Por outro lado, para os autores, a intenção de não cooperar pode se dever a várias razões, que vão desde aspectos macroeconômicos desestimulantes às transações entre firmas ou ações de longo prazo, até os custos de transação também implícitos na cooperação, já que a coordenação de vários agentes freqüentemente envolve tempo e recursos, além de dispêndios na solução de conflitos que naturalmente ocorrem.

Neste ponto, entram em cena os fatores culturais que são de especial importância para o entendimento da dinâmica da cooperação, uma vez que revelam o seu principal alicerce: a confiança. Entre os fatores desfavoráveis à cooperação está a concepção tradicional que coloca competidores na posição de inimigos vigilantes na busca de desvendar segredos profissionais da concorrência ou prontos a ações oportunistas de qualquer outra sorte. Ambientes de elevada concentração de atividades em empresas fechadas em si e experiências de cooperação mal-sucedidas fomentam uma cultura de isolamento e baixa confiança. Isso corrói as perspectivas de sucesso de esforços em favor da cooperação e fortalece uma cultura de rivalidade incondicional entre as empresas. (DAS e TENG 1998; KNORRINGA e MEYER-STAMER, 1998).

Tanto a cooperação como a sua ausência são dependentes da história de decisões passadas e dos respectivos resultados (KOGUT, SHAN e WALKER, 1992) obtidos das interações anteriores da firma com os seus pares e com o seu ambiente.

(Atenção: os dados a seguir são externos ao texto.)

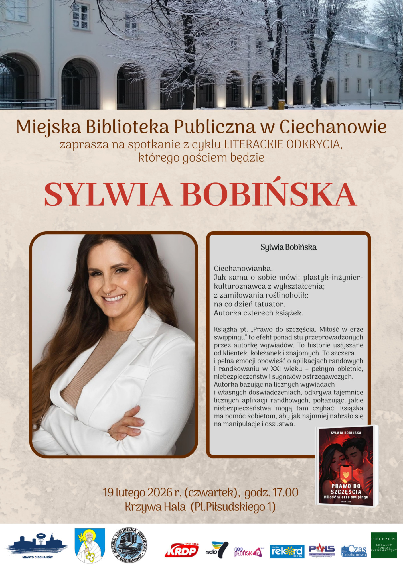 Miejska Biblioteka Publiczna w Ciechanowie Zaprasza na spotkanie autorskie, którego gościem będzie ciechanowianka Sylwia Bobińska.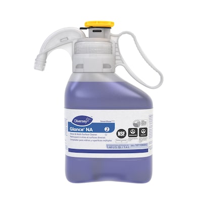 The Diversey Glance NA is a non-streaking, quick-drying, non-ammoniated glass cleaner. Use the cleaner SC on most washable surfaces, including chrome, stainless steel, bathroom fixtures, and laminate countertops. Blue in color with no fragrance added.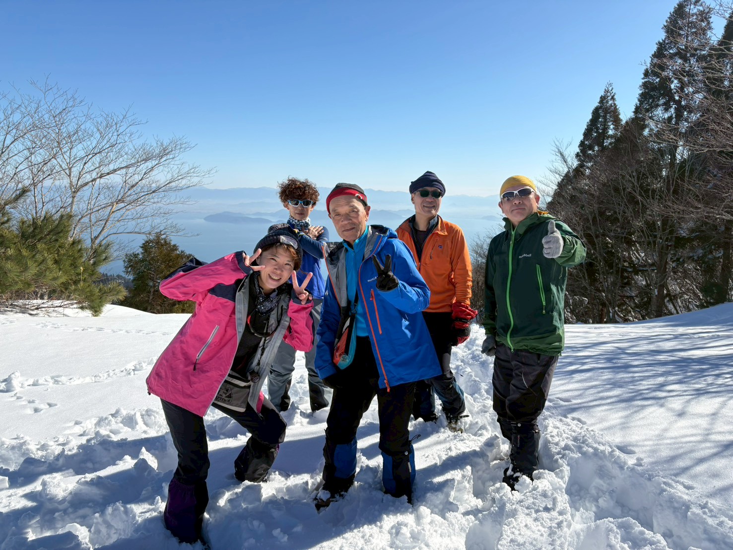 予想に反して武奈ヶ岳は晴天で、山から見える琵琶湖の景色は素敵ですね。せっかくの新雪なのでテント設営後は皆でわかん・プチラッセル体験をしました。

Disso decorrem dois aspectos fundamentais para o entendimento da confiança que sustenta relações de cooperação. Em primeiro lugar, ela é um processo contínuo e incremental. Além disso, ela se cria e fortalece na repetição de atitudes e comportamentos coerentes com a percepção que se tem de cooperação.

A respeito deste último ponto, Parkhe (1993) argumenta que a repetição de ações tende a encorajar a reciprocidade da outra parte. Além disso, a cooperação se mantém quando os ganhos imediatos que por ventura podem advir da defecção sejam inferiores aos benefícios futuros projetados pela continuidade de participação no arranjo. Assim, o exercício do oportunismo ou a falta de cooperação no presente ficam menos atrativos em face de eventuais

conseqüências negativas que deles decorram futuramente. Essa ligação entre as ações presentes e a antecipação de suas possíveis conseqüências constitui o efeito denominado “sombra do futuro” (shadow of the future). Para o autor, se cada firma adere ao arranjo para obter resultados positivos via cooperação, é lícito supor que o seu comportamento inicial será condizente com o que dela se espera. Alterações nos ambientes interno e/ou externo que tornem improváveis as expectativas iniciais ou então que apresentem oportunidades novas ainda mais vantajosas podem incentivar a quebra do comportamento cooperativo. Mas, na ausência dessas alterações ex-post, existe uma propensão para que a cooperação se consolide. Quanto maior a duração esperada do relacionamento, maiores as chances de retaliações futuras a comportamentos oportunistas presentes. Assim, se o relacionamento prevê um fim, a tentação de desviar-se da conduta cooperativa se fortaleceria (PARKHE, 1993).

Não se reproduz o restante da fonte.